• Action item
Your task is to retype, exactly, the line containing "ฉลากไทย!! SHISEIDO Senka" and every later line through the end of the listing, with pictures omitted.

• Data below
*-*-*

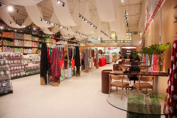 O novo espaço impressiona logo na entrada. A arquiteta Mariana Vidigal concebeu um ambiente que equilibra funcionalidade e estética contemporânea, pensado para receber tanto o atacadista experiente que sabe exatamente o que procura quanto o profissional que quer explorar novidades e se inspirar. As prateleiras organizadas, a iluminação cuidadosa e a disposição dos tecidos transformam a experiência de compra em algo muito próximo de um showroom de moda.
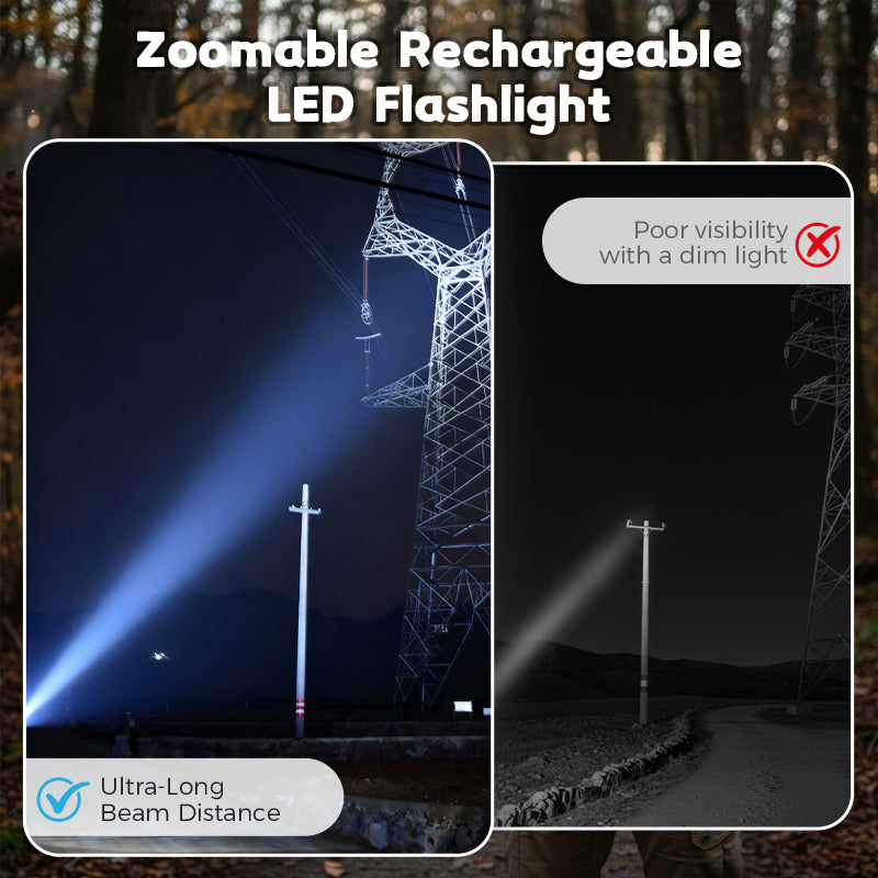 High-Lumen Zoomable Rechargeable LED Flashlight
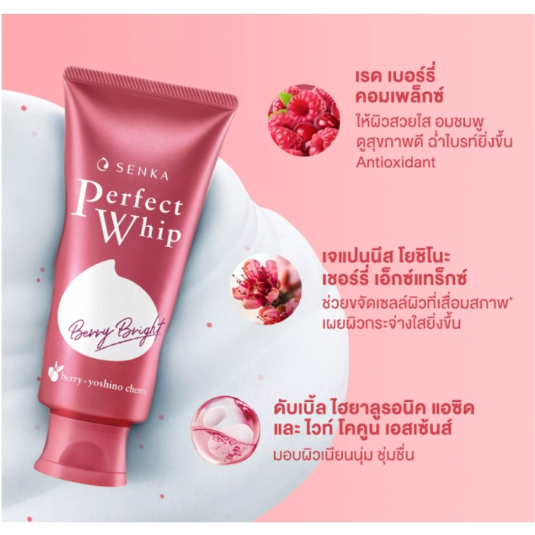 ฉลากไทย!! SHISEIDO Senka Perfect Whip Foam / White Berry Bright เซนกะ เพอร์เฟ็ค วิป โฟม โฟมล้างหน้า 100,150กรัม หลอดใหญ่
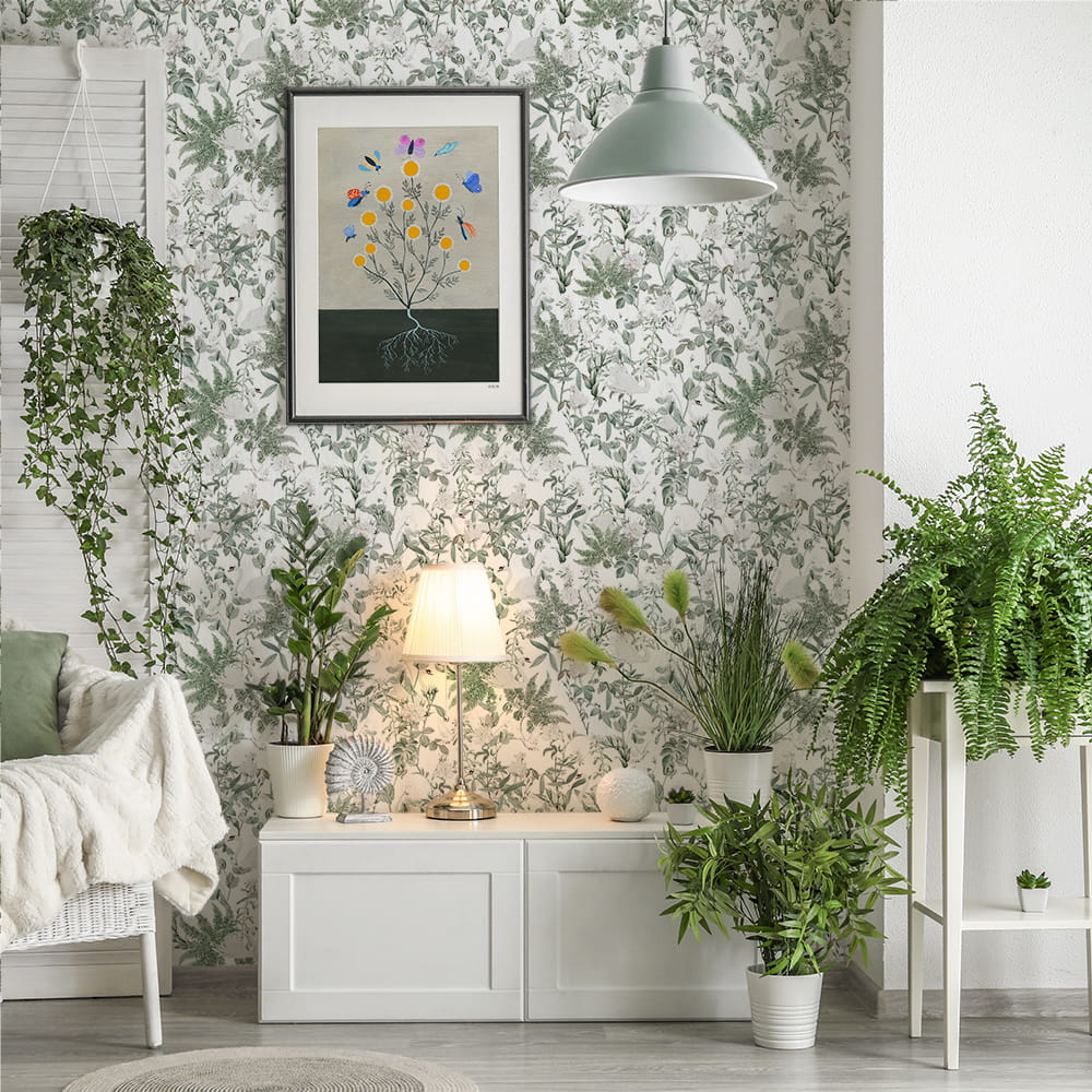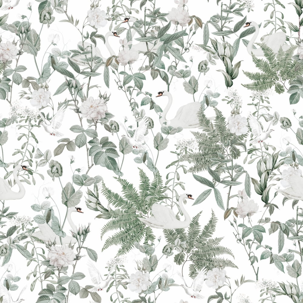 Motywem przewodnim dekoracji jest bujna roślinność w kompozycji z białymi łabędziami i gołębiami na jasnym tle.

*-*-*

• Result for this task
 ฉลากไทย!! SHISEIDO Senka Perfect Whip Foam / White Berry Bright เซนกะ เพอร์เฟ็ค วิป โฟม โฟมล้างหน้า 100,150กรัม หลอดใหญ่
 Motywem przewodnim dekoracji jest bujna roślinność w kompozycji z białymi łabędziami i gołębiami na jasnym tle.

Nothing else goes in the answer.